1 // bit scan in reverse order for 64 bit integral number
2 /* ============================================ */
3 inline int bsr_asm (uint64_t w)
4 {
5 int x1, x2;
6 asm ("bsr %1,%0\n" "jnz 1f\n" "bsr %0,%0\n" "subl $32,%0\n"
7 "1: addl $32,%0\n": "=&q" (x1), "=&q" (x2):"1" ((int) (w >> 32)),
8 "0" ((int) w));
9 return x1;
10 }
如果用C來實現的話,也比較簡單,用divide and conquer 的原理就不會太慢。

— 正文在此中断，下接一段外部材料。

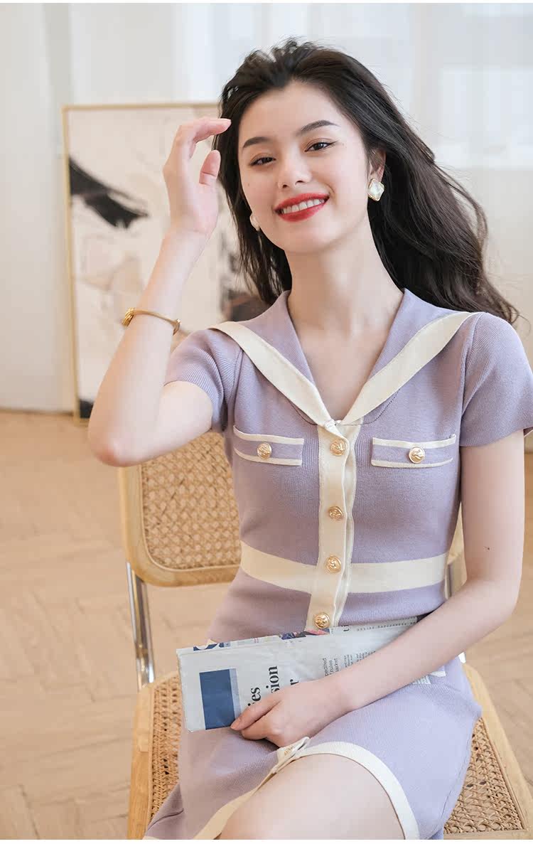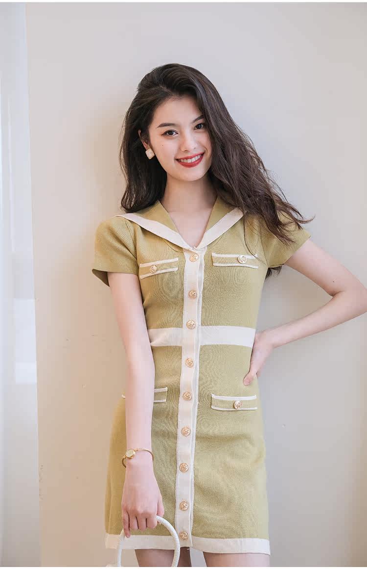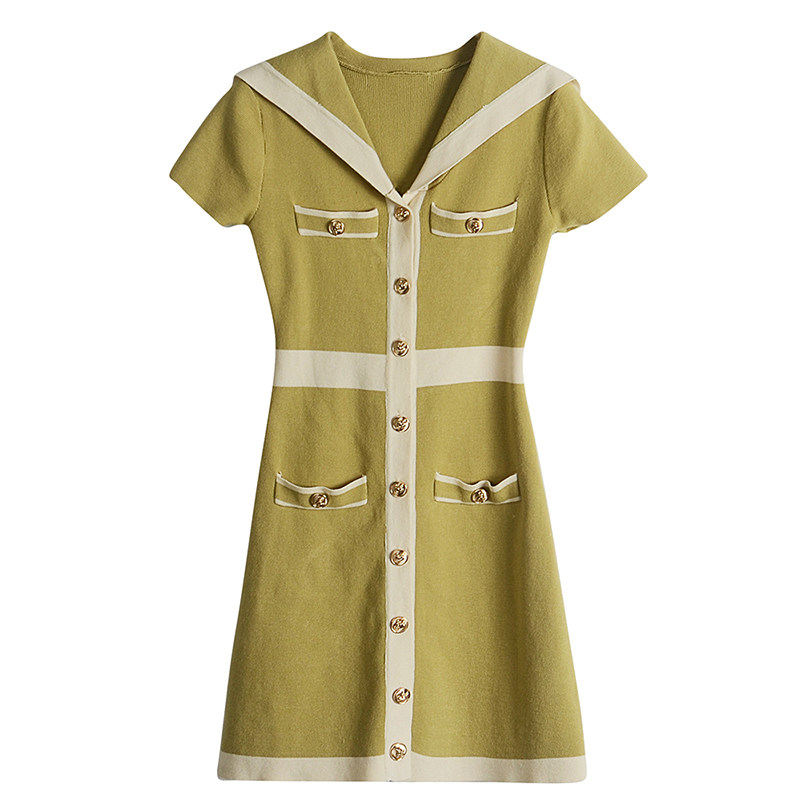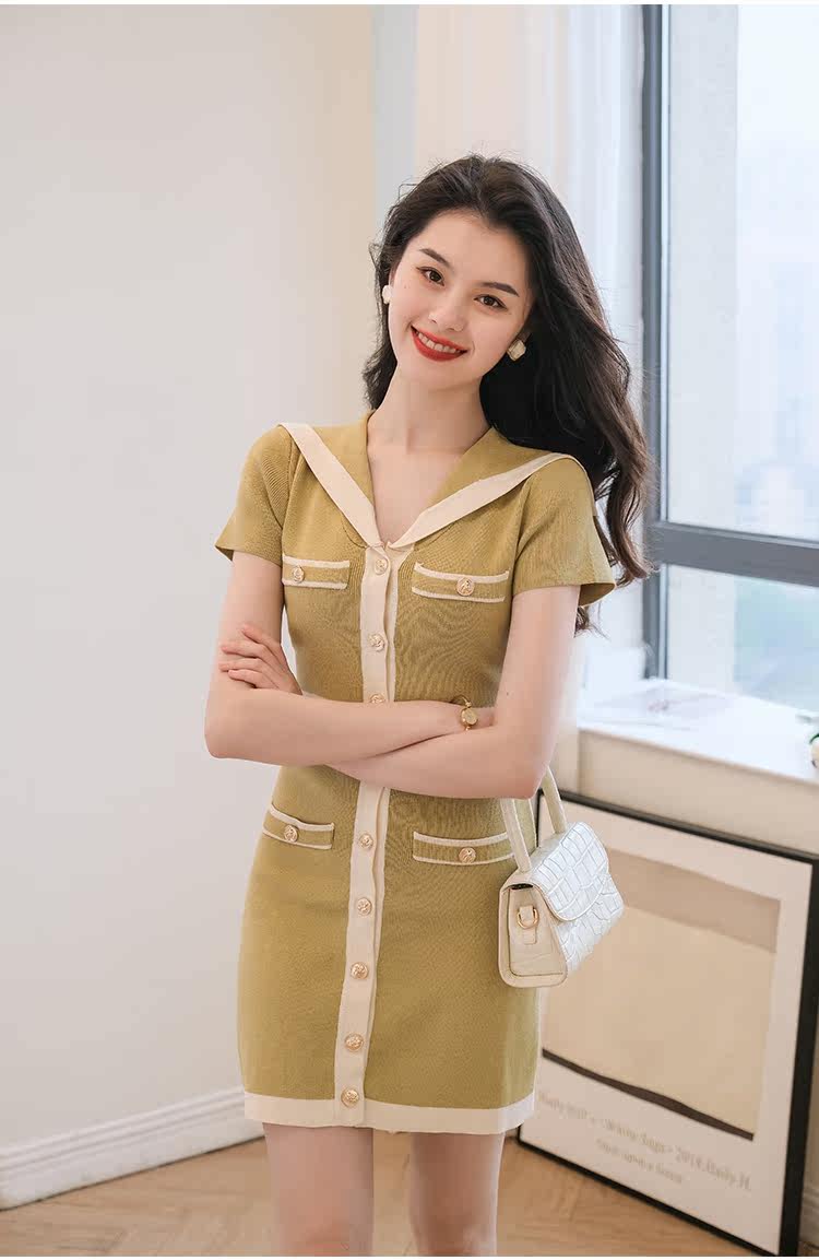 Шелковое военно-морское платье, летняя ретро короткая дизайнерская юбка, городской стиль, тренд сезона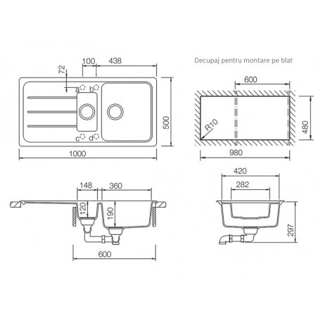 Dimensiune chiuveta: 100 x 50 cm

1 // a logn (n == 32)algorithm for bit scan in reverse order
2 /* ============================================ */
3 inline int bsr32(uint32_t bb)
4 {
5 static const char msb_256_table[256] =
6 {
7 0, 0, 1, 1, 2, 2, 2, 2, 3, 3, 3, 3, 3, 3, 3, 3,
8 4, 4, 4, 4, 4, 4, 4, 4,4, 4, 4, 4,4, 4, 4, 4,
9 5, 5, 5, 5, 5, 5, 5, 5, 5, 5, 5, 5, 5, 5, 5, 5, 5, 5, 5, 5, 5, 5, 5, 5, 5, 5, 5, 5, 5, 5, 5, 5,
10 6, 6, 6, 6, 6, 6, 6, 6, 6, 6, 6, 6, 6, 6, 6, 6, 6, 6, 6, 6, 6, 6, 6, 6, 6, 6, 6, 6, 6, 6, 6, 6,
11 6, 6, 6, 6, 6, 6, 6, 6, 6, 6, 6, 6, 6, 6, 6, 6, 6, 6, 6, 6, 6, 6, 6, 6, 6, 6, 6, 6, 6, 6, 6, 6,
12 7, 7, 7, 7, 7, 7, 7, 7, 7, 7, 7, 7, 7, 7, 7, 7, 7, 7, 7, 7, 7, 7, 7, 7, 7, 7, 7, 7, 7, 7, 7, 7,
13 7, 7, 7, 7, 7, 7, 7, 7, 7, 7, 7, 7, 7, 7, 7, 7, 7, 7, 7, 7, 7, 7, 7, 7, 7, 7, 7, 7, 7, 7, 7, 7,
14 7, 7, 7, 7, 7, 7, 7, 7, 7, 7, 7, 7, 7, 7, 7, 7, 7, 7, 7, 7, 7, 7, 7, 7, 7, 7, 7, 7, 7, 7, 7, 7,
15 7, 7, 7, 7, 7, 7, 7, 7, 7, 7, 7, 7, 7, 7, 7, 7, 7, 7, 7, 7, 7, 7, 7, 7, 7, 7, 7, 7, 7, 7, 7, 7,
16 };
17 int result = 0;
18
19 if (bb > 0xFFFF)
20 {
21 bb >>= 16;
22 result += 16;
23 }
24 if (bb > 0xFF)
25 {
26 bb >>= 8;
27 result += 8;
28 }
29
30 return (result + msb_256_table[bb]);
31 }
32
33 /* ============================================ */
34 inline int bsr_in_C(uint64_t bb)
35 {
36 const uint32_t hb = bb >> 32;
37 return hb ? 32 + bsr32((uint32_t)hb) : bsr32((uint32_t)bb);
38
39 }
40
下面這個似乎也可以,失敗時返回-1023,至於速度快慢就要看編譯器的嗜好了。
1 // bit scan in reverse order for 64 bit integral number
2 /* ============================================ */
3 inline int bsr_double (uint64_t bb)
4 {
5 union
6 {
7 double d;
8 struct
9 {
10 unsigned int mantissal : 32;
11 unsigned int mantissah : 20;
12 unsigned int exponent : 11;
13 unsigned int sign : 1;
14 };
15 } ud;
16 ud.d = (double)(bb & ~(bb >> 32));
17 return ud.exponent - 1023;
18 }
19
以上uint64_t和uint32_t是新C++標准可以支持的整型,分別相當於舊的unsigned long long和unsigned long類型。以上代碼不是我的原創,而是來自國外某位朋友,我稍微加工了一下貼到這裡,版權屬於原作者,如果我沒有記錯的話應該是GNU。